Quel équilibre pour un super-héros ?

M. B. raconte les interventions nocturnes sur le réseau informatique et les jours de travail qu’il enchaîne ensuite sans repos. Je me permets d’évoquer le droit du travail qui régule et organise les heures de récupération nécessaires. M. B. craint pour son emploi s’il ne répond pas « complètement » à ses supérieurs. Et puis, il a « l’ego du super-héros ». « Être le seul à pouvoir répondre », le pousse sur une pente mégalomaniaque : « je me sens toujours hyper balaise », me dira-t-il. Cela lui permet, certes, de recouvrir son être fondamentalement dévalorisé, mais ne trouve chez lui aucune limite et risque de le conduire à l’épuisement total.

Le contrepoint de cela est l’appui qu’il trouve sur un nouveau « binôme », un « technicien » lui aussi affecté aux interventions nocturnes. « La transmission des éléments techniques » à ce collègue permet de « dégonfler l’aura mystique de la charge de travail ». Alors que je le raccompagne jusqu’à la porte, il me dira se renseigner auprès de ses collègues sur le code du travail.
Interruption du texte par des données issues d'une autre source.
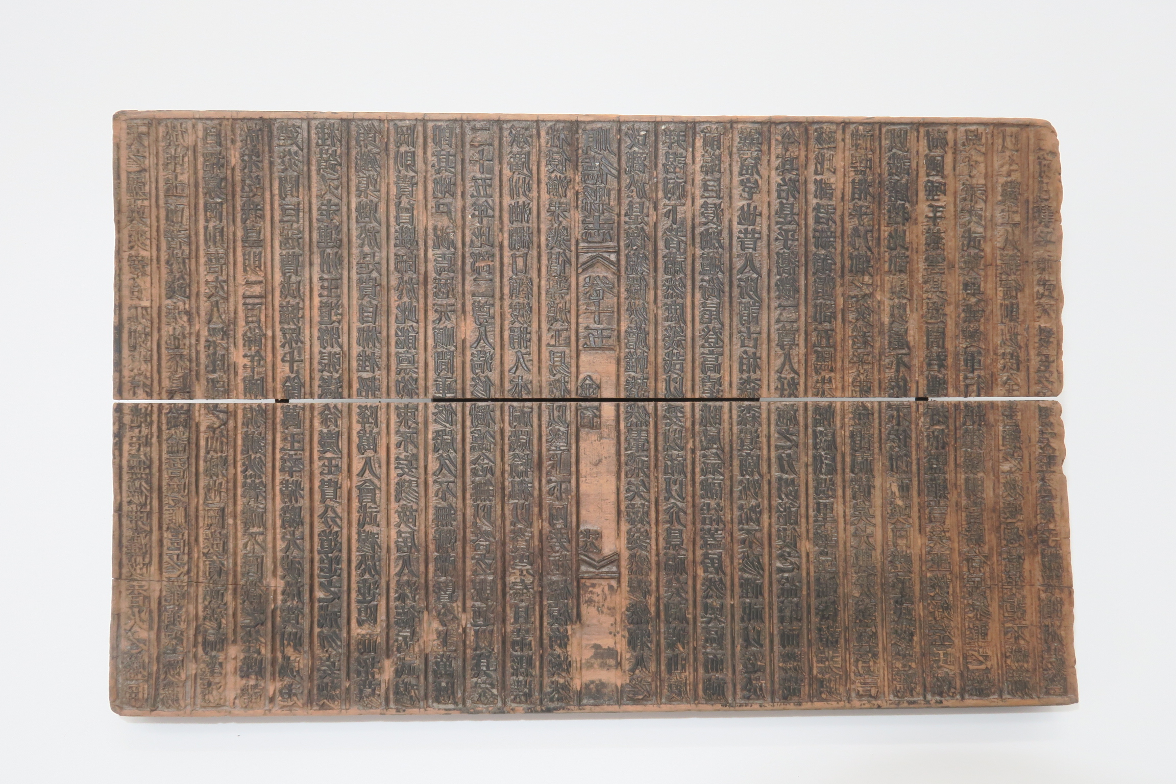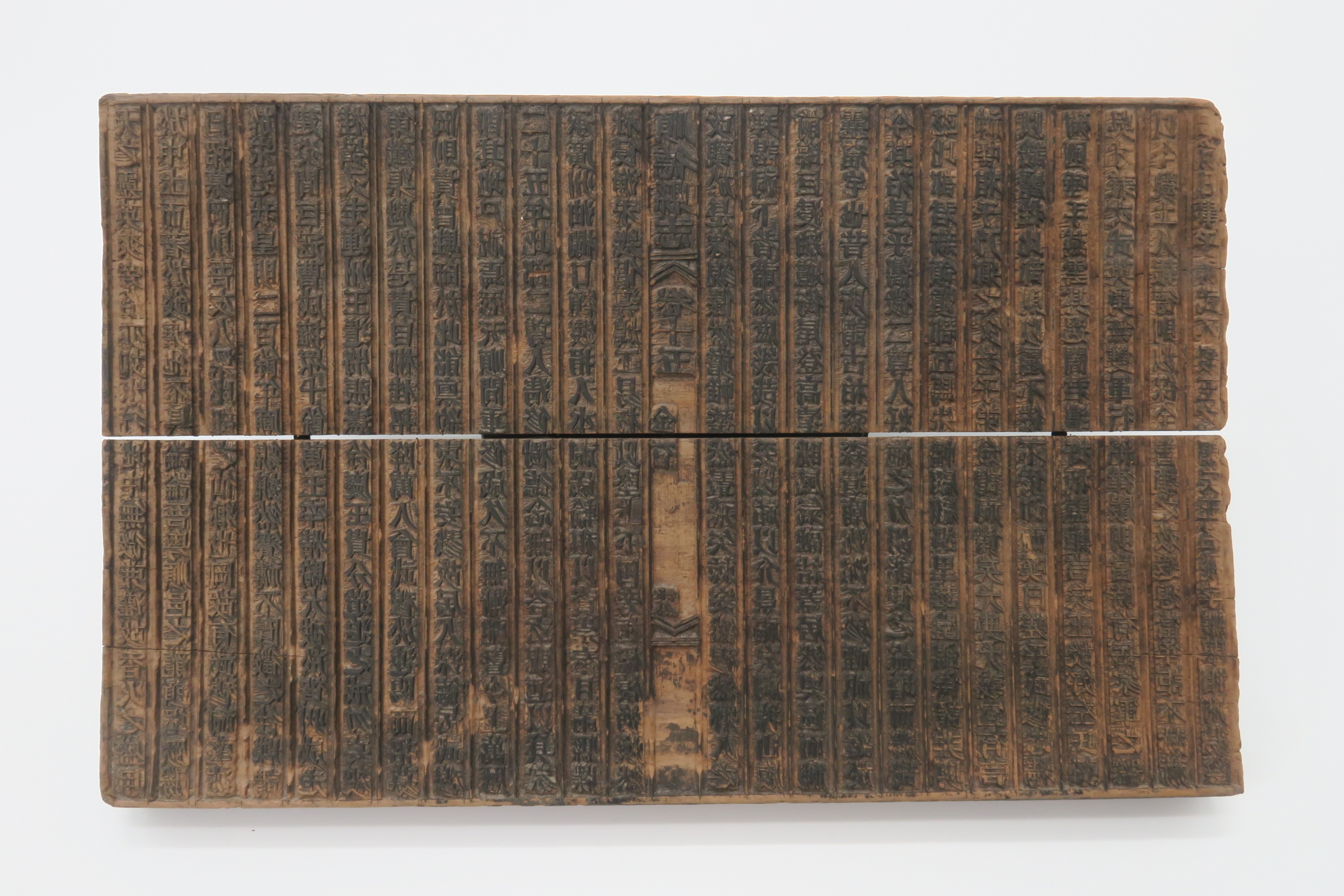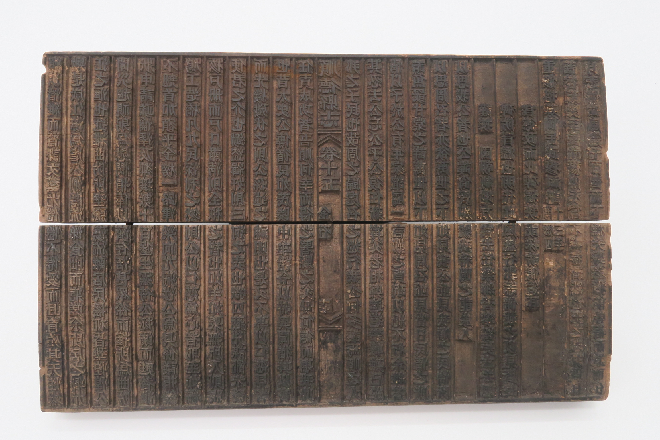 木刻印刷版《顺德县志·卷十五·金石》第十七、十八页 质地:木; 尺寸:通长31.5厘米,通宽2.2厘米,通高19.6厘米。
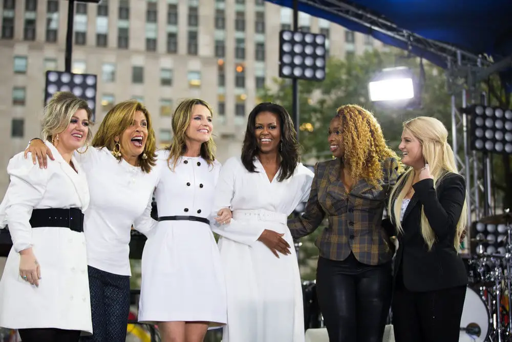 NBC’s Today show celebrated the International Day of the Girl Thursday morning (Oct 11) with a visit from former first Lady Michelle Obama. The show ended with a concert featuring American Idol alums and The Voice coaches Kelly Clarkson and Jennifer Hudson, in addition to Meghan Trainor.

J’ajoute alors : « mais oui, c’est un outil ! »

Quelques bords ?

M. B. constate que Noé parvient à nouer des relations avec ses camardes de classe, trouvant ses propres solutions.

La situation professionnelle de M. B. s’est apaisée. Quant à son diplôme, il se donne encore deux ou trois ans pour le valider.

La dernière séance lui donne l’occasion « d’extraire les points utiles » de nos rencontres. « Tout en haut de la pyramide », il note ce point crucial : « avec mon fils on se ressemble, mais nous sommes distincts. » M. B. indique que parler de son fils est aussi une nécessaire introduction à toute prise de parole. « Je m’objective pour parler de moi », conclut-il. Il accepte le nom de quelques « tiers de confiance » possibles, « en cas de besoin », non sans s’assurer d’avoir toujours l’adresse du CPCT.